Some rules when cooking pasta:
1. Make sure that the water is at a rapid boil before you add the pasta.
2. Add lots of salt. The pasta only absorbs a bit but it brings out the flavor.
3. Do not add oil! The oil stops the sauce from sticking to the noodles.
4. Do not rinse and sauce immediately.
5. If the sauce is a bit too thick, scoop a touch of the pasta water over the sauce at the end.
Cathy had to make homemade gnocchi! Lucky her-it’s one of my favorites! Check out her side of the story on Cathy’s Blog!
I was assigned 2 universally loved pasta sauces this evening. Feel free to add your extras as your imagination dictates:
4C basil leaves
2 cloves garlic
Pinch of salt
2 tbsps pine nuts
¼ C grated fresh parmesan cheese
½ C olive oil (Use EVOO)
I’m digressing from the original recipe here-I had to use a mortar and pestle to mash everything together. I guess I was pretending to be back in Italy in the 1700s. Please, just put everything in a food processor and blend until it’s almost a puree.
Bucatini All Amatriciana
5 tbsps EVOO
5 ounces of pancetta, cut into ½ x ¼ inch strips
1 large yellow onion, medium dice
¼ tsp chili flakes
1 large can imported Italian tomatoes, broken up by hand
2 tbsps plus ¼ tsp salt
1 lb bucatini
1C freshly grated Pecorino Romano
Heat 3 tbsps of the olive oil in a heavy 2-quart pot over a medium high flame. Add the pancetta and cook 5 minutes. Fold in the onion and chili and cook 5 minutes. Add the tomatoes. Bring to a boil. Reduce heat to medium, cover and cook 10 minutes more. Season with ¼ tsp salt. Keep the sauce warm.

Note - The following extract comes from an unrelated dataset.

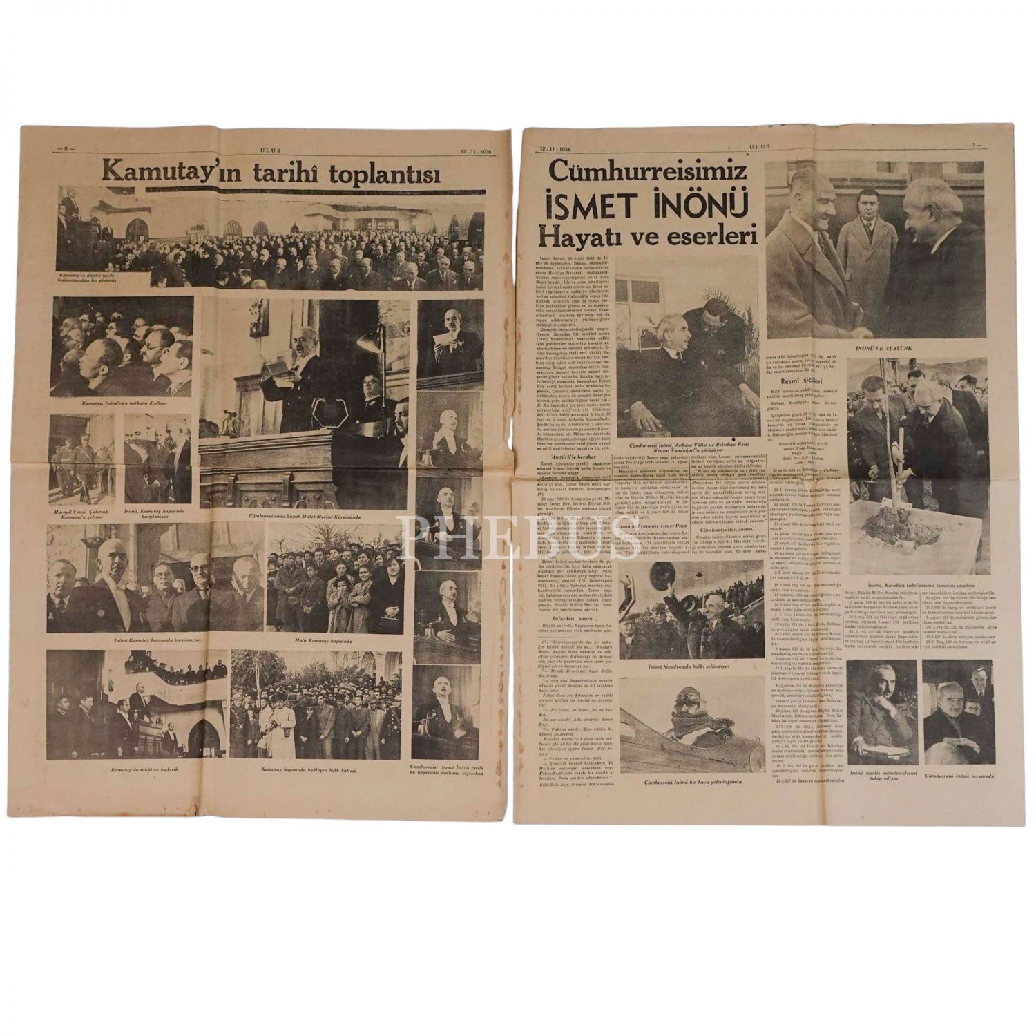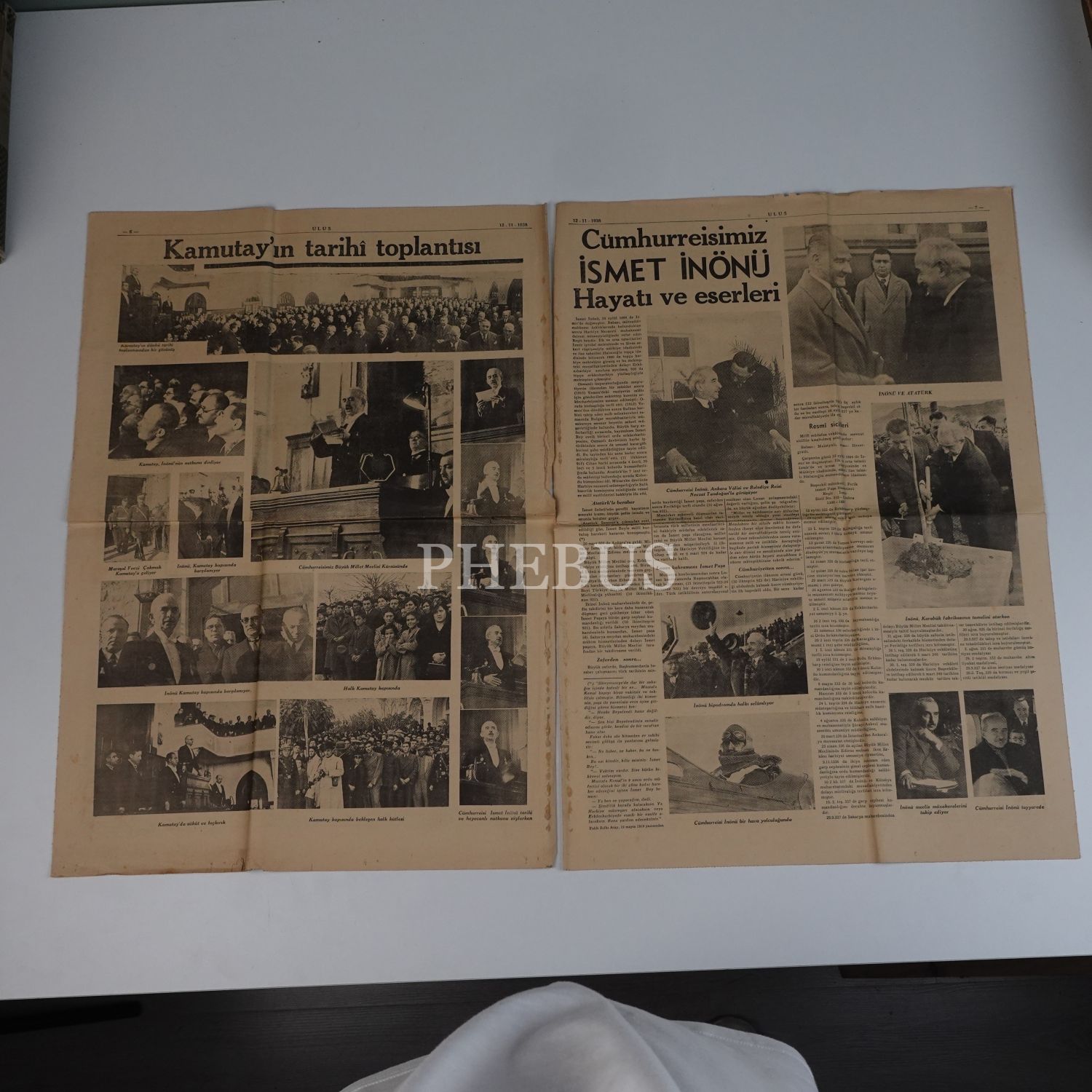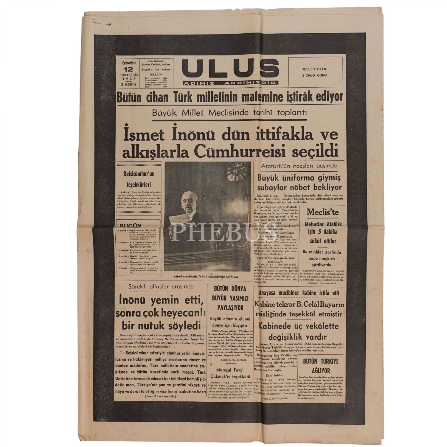 "İsmet İnönü İttifakla ve Alkışlarla Cümhurreisi Seçildi" manşetiyle, Mustafa Kemal Atatürk´ün vefatı sonrası İsmet İnönü´nün Cumhurbaşkanı seçilmesini duyuran ULUS gazetesi, 12 Sonteşrin (Kasım) 1938, 12 sayfa, 42x60 cm...

Meanwhile, bring 5 quarts of water to a boil. Add the bucatini and the remaining 2 tbsps of the salt and cook until al dente, about 8 minutes. Drain, reserve ½ cup of the pasta cooking water. Return the bucatini to the pot and fold in the sauce, ½ cup of the pecorino and the remaining olive oil. Add as much of the reserved cooking water as needed. Serve hot, sprinkled with the remaining ½ cup of cheese as a garnish.